> **WHAT YOU SHOULD DO**:
All that is wanted is the exact text of the lines below from the one with "Brown Suede Leather" through the one with "A traditional woven", inclusive, minus any pictures.

[Opening GIVEN DATA section]

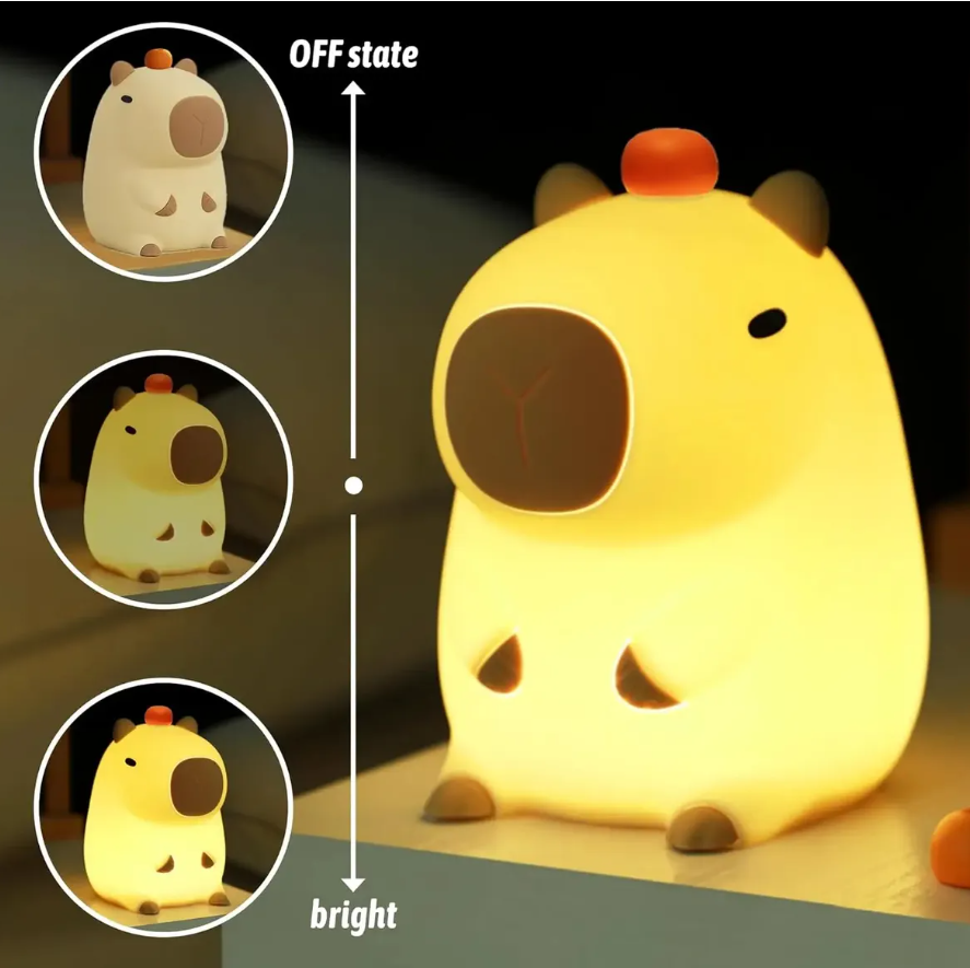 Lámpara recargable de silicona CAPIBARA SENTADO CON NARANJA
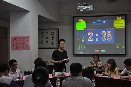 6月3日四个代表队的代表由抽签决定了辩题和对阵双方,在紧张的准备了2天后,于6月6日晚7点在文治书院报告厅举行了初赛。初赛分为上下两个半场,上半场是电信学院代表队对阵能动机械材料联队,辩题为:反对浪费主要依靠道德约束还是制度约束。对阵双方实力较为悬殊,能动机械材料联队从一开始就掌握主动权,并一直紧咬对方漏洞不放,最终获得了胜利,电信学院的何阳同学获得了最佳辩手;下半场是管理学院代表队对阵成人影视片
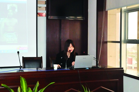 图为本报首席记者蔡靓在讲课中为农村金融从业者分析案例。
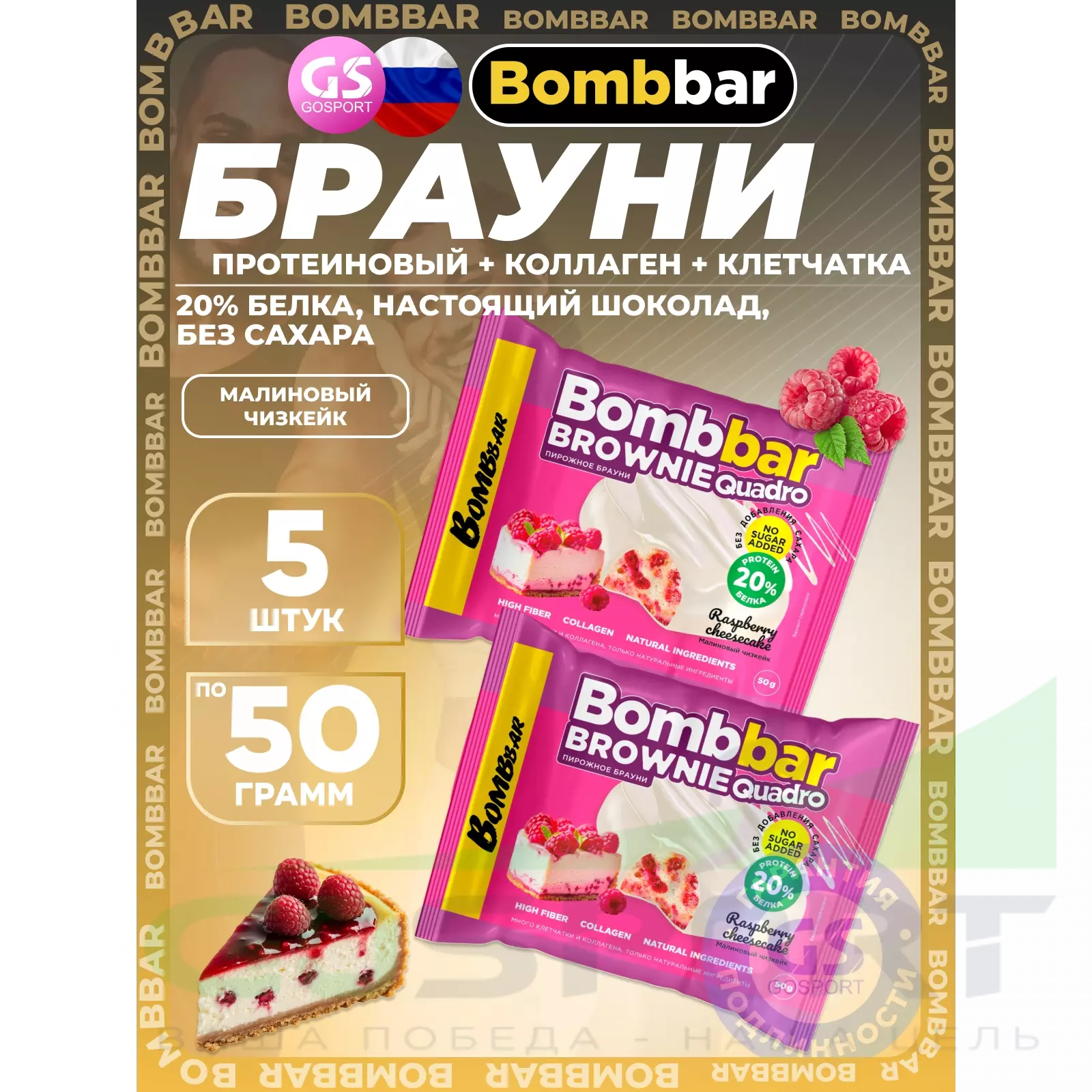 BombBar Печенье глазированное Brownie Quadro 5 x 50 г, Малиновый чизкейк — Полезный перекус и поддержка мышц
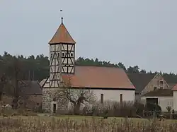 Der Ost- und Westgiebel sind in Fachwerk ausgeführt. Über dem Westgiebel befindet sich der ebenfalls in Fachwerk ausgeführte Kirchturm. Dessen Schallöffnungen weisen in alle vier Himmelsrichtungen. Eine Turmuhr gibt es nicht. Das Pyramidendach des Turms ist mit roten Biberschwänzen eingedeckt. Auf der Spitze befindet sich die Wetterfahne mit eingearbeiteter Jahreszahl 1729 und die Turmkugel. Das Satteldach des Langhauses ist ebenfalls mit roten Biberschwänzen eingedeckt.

[Closing GIVEN DATA section]
[Opening GIVEN DATA section]

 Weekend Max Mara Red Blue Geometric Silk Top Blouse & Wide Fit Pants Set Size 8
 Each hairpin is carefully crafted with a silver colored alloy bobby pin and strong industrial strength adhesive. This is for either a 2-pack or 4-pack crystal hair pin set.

[Closing GIVEN DATA section]
[Opening GIVEN DATA section]

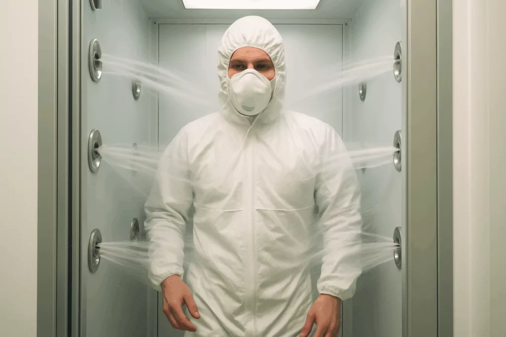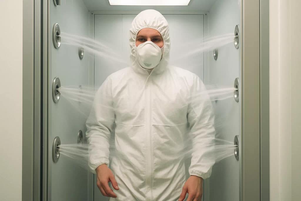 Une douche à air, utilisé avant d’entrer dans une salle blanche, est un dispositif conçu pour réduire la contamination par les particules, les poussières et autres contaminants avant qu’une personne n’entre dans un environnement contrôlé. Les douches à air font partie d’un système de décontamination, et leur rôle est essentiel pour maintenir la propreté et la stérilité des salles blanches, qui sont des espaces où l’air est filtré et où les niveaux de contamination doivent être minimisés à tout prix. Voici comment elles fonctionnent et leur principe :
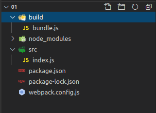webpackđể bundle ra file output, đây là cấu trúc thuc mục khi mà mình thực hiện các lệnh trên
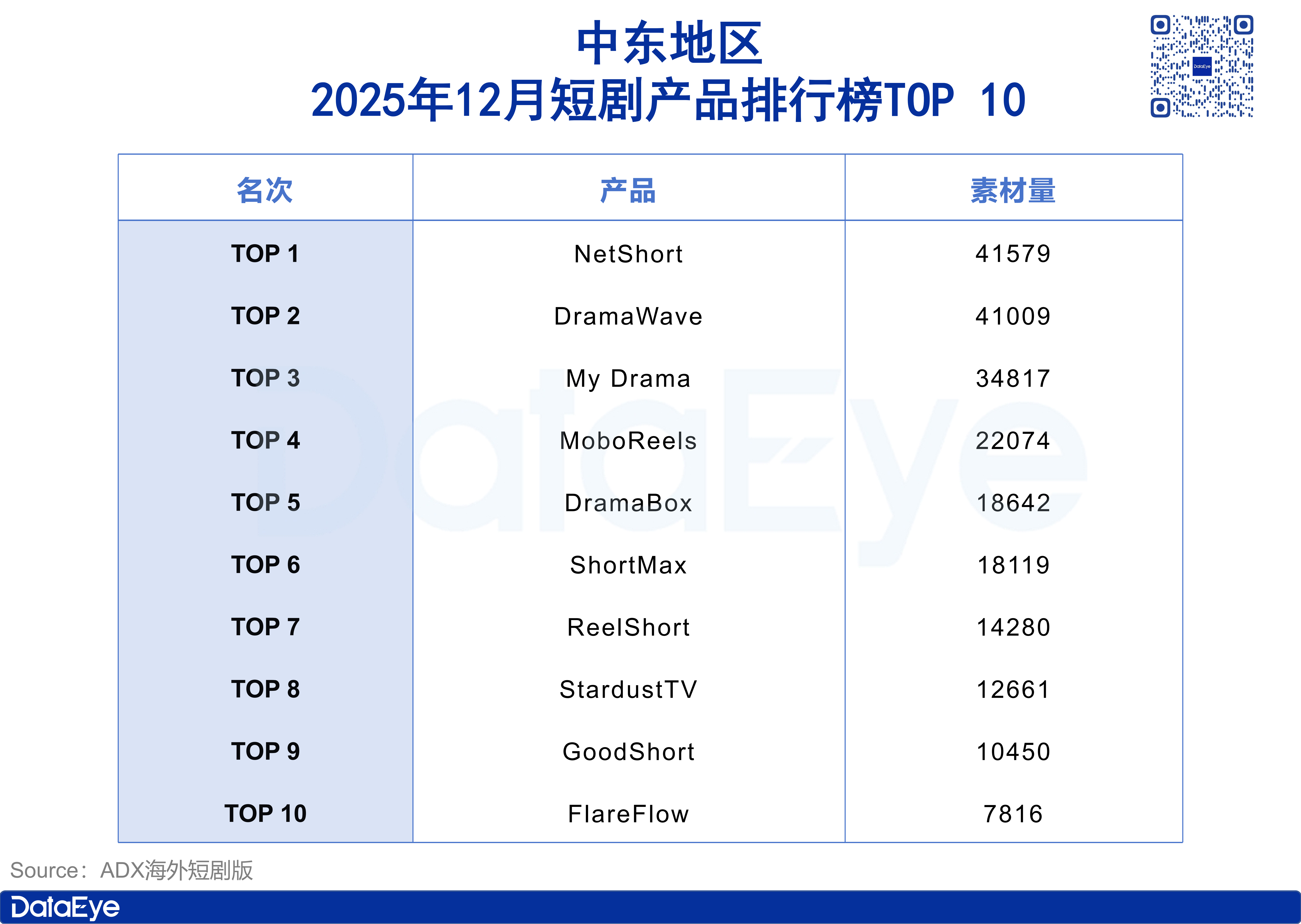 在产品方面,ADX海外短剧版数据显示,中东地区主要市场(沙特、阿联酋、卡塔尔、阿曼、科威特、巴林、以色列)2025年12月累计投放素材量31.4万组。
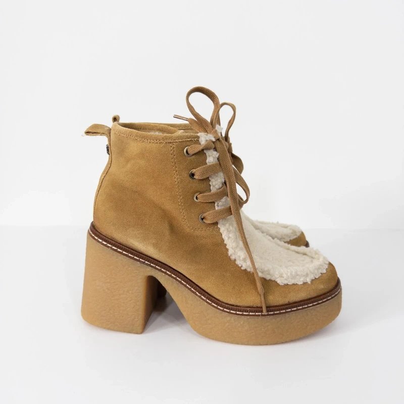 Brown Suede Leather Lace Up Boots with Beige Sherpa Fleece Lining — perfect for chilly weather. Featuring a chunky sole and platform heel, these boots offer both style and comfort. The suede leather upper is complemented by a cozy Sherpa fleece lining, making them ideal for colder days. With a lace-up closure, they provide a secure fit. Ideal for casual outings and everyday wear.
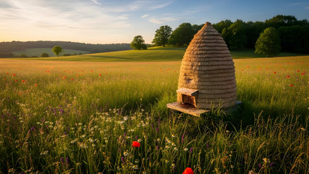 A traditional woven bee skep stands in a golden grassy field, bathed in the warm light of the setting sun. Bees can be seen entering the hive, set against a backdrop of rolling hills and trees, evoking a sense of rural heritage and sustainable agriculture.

[Closing GIVEN DATA section]

> **FINISHED EXERCISE**:
 Brown Suede Leather Lace Up Boots with Beige Sherpa Fleece Lining — perfect for chilly weather. Featuring a chunky sole and platform heel, these boots offer both style and comfort. The suede leather upper is complemented by a cozy Sherpa fleece lining, making them ideal for colder days. With a lace-up closure, they provide a secure fit. Ideal for casual outings and everyday wear.
 A traditional woven bee skep stands in a golden grassy field, bathed in the warm light of the setting sun. Bees can be seen entering the hive, set against a backdrop of rolling hills and trees, evoking a sense of rural heritage and sustainable agriculture.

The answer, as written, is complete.